Tuż przed wyjazdem do Warszawy Sikorski – jeszcze w charakterze przyszłego członka nowo powstałego rządu – spotkał się w Białym Domu z Dickiem Cheneyem. Wciąż była mowa o przyjaźni i współpracy, ale w wypowiedziach Sikorskiego pojawiły się też pierwsze oznaki nowej polskiej postawy. Mówił, że polska nie może dokładać do sojuszu z Ameryką, że potrzeby modernizacyjne naszej armii nie mogą zostać zaniedbane z powodu naszego uczestnictwa w takim czy innym przedsięwzięciu amerykańskim. Gdy parę miesięcy później Sikorski jako nowo wybrany szef MON przyjechał ze swą pierwszą oficjalną wizytą do Waszyngtonu, przyjaźń zeszła na daleki plan, ustępując biznesowi. Polski minister przywiózł ze sobą listę potrzeb polskiej armii. Jedną z nich było zaopatrzenie naszego systemu obrony powietrznej w wyrzutnie antyrakietowe Patriot. Rumsfeld przyjął listę i na tym w zasadzie się skończyło. Amerykanie niespecjalnie się palili do realizacji naszych kosztownych postulatów, tym bardziej że mieli akurat poważne problemy w Iraku.

Nadal też nie za bardzo spieszyło im się z tarczą. – W latach 2005 – 2006 nastąpił pewien przestój w rozmowach z powodu braku decyzji po stronie amerykańskiej. Pentagon był pochłonięty sytuacją w Iraku oraz wewnętrznymi analizami i testami sprawności systemu. Sprawę ciągle odsuwano na później – wspomina ambasador Kupiecki.
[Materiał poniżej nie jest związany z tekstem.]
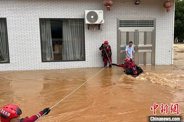 27日6时36分,强降雨导致宜都市王家畈村金沟泉养殖基地涨水,7人被困房内。由于道路被洪水淹没,消防救援人员携带橡皮艇、水域救援装备涉水前往被困者家中。房屋处于低洼地势,现场水流湍急,地势复杂,最深处已达3米。消防救援人员在村干部的带领下沿着半山腰开辟救生通道,并在牵引绳的保护下成功将7名被困人员转移至安全地带。

Warszawa dawała wyraz swej frustracji kolejnymi przeciekami do mediów, w których przedstawiała coraz to nowe żądania. Same media dokładały do tego jeszcze swoje dwa grosze, nakręcając oczekiwania związane z tarczą. Jednocześnie wizerunek Ameryki w Polsce nieustannie się pogarszał. Po raz pierwszy w historii wolnej Polski antyamerykanizm stał się nośnym instrumentem medialnym i politycznym.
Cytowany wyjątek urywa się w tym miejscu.